Date: 2020
Type: Thesis
Inside the island of Manila : mobility and friction in an eighteenth-century hinterland
Florence : European University Institute, 2020, EUI, HEC, PhD Thesis
DIZON, Mark Alexander, Inside the island of Manila : mobility and friction in an eighteenth-century hinterland, Florence : European University Institute, 2020, EUI, HEC, PhD Thesis - https://hdl.handle.net/1814/67356
Retrieved from Cadmus, EUI Research Repository
Mobility and friction characterized the interactions in the hinterland of the island of Manila in the eighteenth century. Although historical actors portrayed the hinterland as a distinct geographical place from the coastal region, the constant movement within and beyond the hinterland showed the interconnectedness of different places on the island.

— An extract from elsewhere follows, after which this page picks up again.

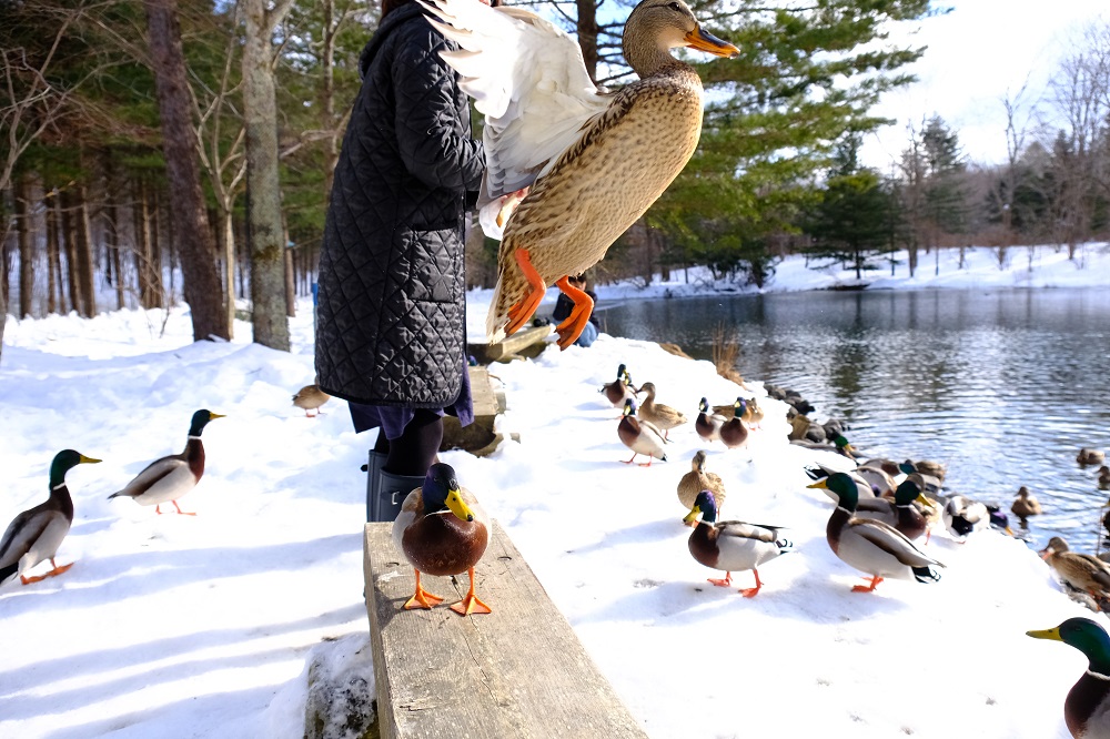 カモにパンくずをあげている人の横で、カモを撮影していると…

Mobility and friction in the form of mutual visits, violent raids, road openings and disease transmission shaped and were shaped by the unfolding of encounters and relations. Multiple mobilities and encounters in different places provided the necessary backdrop for how various individuals and polities interacted with one another. Instead of seeing mobility as a one-directional movement from coastal Manila to the interior hinterland on the part of Spanish colonizers, the thesis views this movement as one among multiple entangled mobilities that involved indigenous actors. Spanish missionary penetration of the hinterland had a counterpart in the visits of indigenous chiefs to Manila and other colonial towns. Reciprocity manifested itself in these mutual visits that crossed apparent geographical and cultural divides, and facilitated the conversion of indigenous communities and the formation of alliances. Movements and exchanges did not only show themselves in instances of positive encounters, but also in violent raids and attacks. Opposing sides borrowed and adapted to each other’s cultural practices in warfare. A pillar of mobility and friction was the negotiation over access and the gaining of permission. Ostensibly colonial roads built by Spanish missionaries were actually founded on the willing participation of indigenous communities who granted access and controlled who could pass and who could not. The establishment of mission towns in the hinterland zone between the uplands and the lowlands not only facilitated the transmission of epidemic diseases between the two areas, but also halted mobility between them by potentially aggravating the malaria situation.
Additional information:
Defence date: 5 June 2020 (Online); Examining Board: Professor Jorge Flores (University of Lisbon, Supervisor); Professor Stéphane Van Damme (EUI); Professor María Dolores Elizalde (Spanish National Research Council); Professor David Henley (Leiden University)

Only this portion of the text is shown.